From Chat to Agency: Demonstrations and proof-of-concepts tend to mask these weaknesses, but productionizing agents that act in, and predict changes in, real environments exposes the limits of traditional LLMs.
Mapping Problems: Building effective agents requires deep understanding of which tasks are suited for agentic approaches and what extra engineering (especially around prediction and state) is required.

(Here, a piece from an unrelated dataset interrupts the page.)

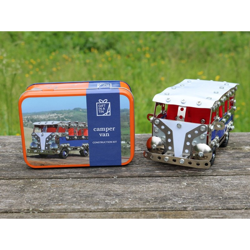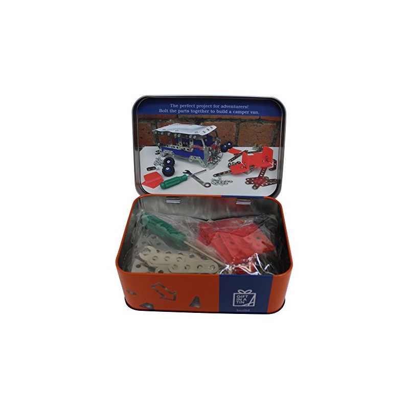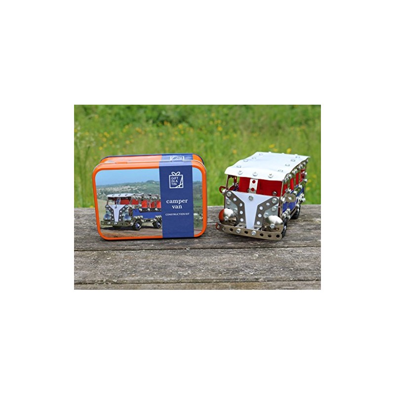 Dreaming about life on the road? Well now you can follow step by step instructions to build your own camper van! Contents: Metal and plastic construction pieces, screwdriver, spanner and instructions. Tin dimensions: 100mm High x 145mm Wide x 55mm Deep CHOKING HAZARD. Small parts - not suitable for children under 3 years.

2. The Anatomy of Memory in AI Agents

Layers of Memory:
1. Message History (Short-term/Working Memory): Storing recent conversational exchanges.
2. Summarization: Condensing those histories to fit context windows; beyond storage, involves task-specific engineering.
3. Long-Term & Reference Memory: Extracting significant facts over time to persist and retrieve for future interactions.
  - Metaphor:
    
    “A cognitive system interacting with people all day… their brain in a background thread picks things out that are important.” – Andrew (06:26)
Difference Between Knowledge Base and Long-Term Memory:
- Knowledge base = developer-supplied facts; long-term memory = runtime-learned facts by the agent.
- Quote:
  
  “Retrieval looks probably similar… but long-term memory is stuff the agent learned at runtime, while RAG or knowledge base is what developers inject.” – Andrew (09:03)
Durable State & Workflow: True agentic applications require not just LLM memory, but tracking environment state, tool calls, event-driven logic, and durable execution, sometimes requiring checkpointing and dynamic workflows.
- Quote:
  
  “We're really talking about durable execution at some level; dynamic workflow that... is going to die in the middle of something and have to restart.” – Andrew (10:24)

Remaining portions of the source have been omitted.